I have spent my entire career in the channel. With 75% of world trade flowing through indirect channels according to the World Trade Organization, I’m always interested in seeing how businesses organize, manage, and execute their partner and alliance programs.

We know that B2B marketers have been working to break down silos for years to drive a consistent omnichannel customer experience. One silo that remains resilient is that of the channel or alliance partner ecosystem. Companies across all industries have traditionally built a standalone channel organization that owns the indirect go-to-market strategy and, in many cases, employs its own sales, marketing, operations, and finance personnel.

In the age of the customer, with line-of-business executives taking on a significant role in their own digital transformations, now is the time to finally break down the partner channel silo. This will ensure a consistent customer experience across all marketing and partner channels.

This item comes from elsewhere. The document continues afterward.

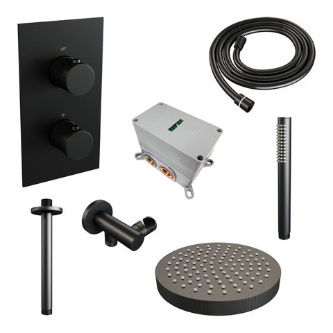 Offerte aanvraag voor Brauer Stripe thermostatische inbouw regendouche 3-weg rechthoekig SET 15 met 25 cm douchekop en plafondarm en staaf handdouche en doucheslang en wandaansluitbocht mat zwart | Mat zwart | Nee | Plafondbuis | Staafhanddouche

Forrester’s Q1 2017 International B2B Marketing Panel Online Survey revealed that more than half of marketers don’t have responsibility for channel partner marketing. In fact, the survey found that only 43% of channel marketers report into the marketing department.

For B2B marketers who have responsibility for the channel marketing function, the most important things they focus on are channel sales enablement, through-channel marketing automation, and market-development-funds utilization. On the other end of the scale, web content syndication and marketing concierge support rank the least important.

A robust channel program can have dozens of components including recruitment, development, and acceleration tools. B2B marketers need to ensure that the same customer experience strategy extends from the direct sales to the indirect sales organization. Leveraging a mix of partner incentives, training, sales, and marketing enablement can amplify the brand in a predictable and consistent way. The survey reported that only 14% of marketers had a formal program for curating content from partners.

The biggest reported challenges in the survey are:

  1. Providing competitive differentiation to partners. As attention spans decrease, traditional techniques such as battle cards and online education need to be replaced with snackable content on social media platforms.
  2. Getting buyer insights. Selling through a third party makes analyzing the sales funnel difficult. Tools such as deal registration and finders fees can generate top-of-funnel activity, but motivating partners to progress the deals in a measurable way is problematic. Limited tools exist that measure the partners’ impact (good or bad) on converting leads and winning business.
  3. Rules of engagement. Most businesses start as direct sales organizations, and the power base may skew in that direction in the long term. Partners expect a predictable, consistent set of guidelines to avoid channel conflict and will leave a vendor if they think that they have been unfairly treated.
  4. Price transparency. The multitiered partner channel can be complex with distributors, wholesalers, and different categories of partners all competing in the same marketplace. Ensuring that direct and indirect channels have parity in pricing is difficult to manage due to the multitude of routes and different geographic regulations pertaining to third-party pricing.

However, the survey respondents felt good about sharing their product catalog with different types of partners as well as managing the disintermediation that can occur with their own eCommerce or direct sales tactics.

With customers increasingly using the web to research and build solutions via self-service tools, indirect sales channels must ultimately be in lockstep with the B2B marketing team to deliver a consistent message and win more business together.